El pelo largo no es por el personaje. "Lo llevo así desde adolescente. Sólo me lo corté en la época de Soda Stereo. Me cuesta mucho irme del pelo revuelto." Revuelto pero limpio, como su atuendo rockero pero de marca y su sonrisa inmaculada, que uno no espera, cuando se ríe. "Me gustan los buenos chistes, las imitaciones, me gusta la gente con humor, como Capusotto o Jimmy Fallon, que miro todas las noches."

ALMA Y CORAZÓN

Dice que, sobre todas las cosas, es músico y que prefiere el bajo a todos los otros instrumentos. "Un bajo blando, bien tocado, un bajo negro…". Pero que le encanta alternar el show con la gastronomía. "Tal vez me hubiera gustado vivir algún tiempo en NY, pero soy argentino y me copa. Aunque tengamos una cabeza complicada, quejosa, jodida, envidiosa, trabada, pendenciera. No es una cabeza moderna la nuestra. Pero uno vive acá y tiene su gente acá".

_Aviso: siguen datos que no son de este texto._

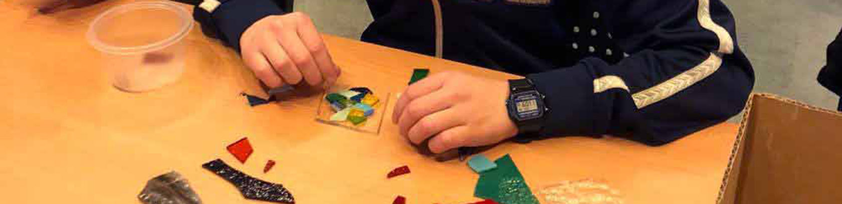 Alle 40 deltagere kunne lave lige hvad de havde lyst til, en fantasifugl, et enøjet monster eller noget helt tredje. Alle gik til den med at klippe og klistre med de mange flotte farvede glasstykker. Det blev til nogle kreative og hyggelige timer i Borgerhuset.

Sos parte del rock argentino

–Amé ser parte de esa cultura, estar cerca de esos artistas, tocar en sus recitales, hacerle pasar a la gente un rato entretenido... Creo que el entretenimiento es muy necesario para compensar algunas ideas muy malas que tuvo el ser humano, como que las clases empiecen a las 8am o que tengas que ir a pagar una boleta al banco. Nosotros tuvimos la suerte de tener a Spinetta, a Pappo y a Charly, que hicieron una cultura musical con muuuucha personalidad. Hoy estamos más flacos, nuestros líderes fueron saliendo de juego y hay como una devastación rockera. Pero algo va a surgir… Yo estoy muy orgulloso de haber formado parte de esa cultura tan querida por los argentinos. Porque si hay algo que es el rock argentino es que es querido por su gente. Es otra de nuestras camisetas.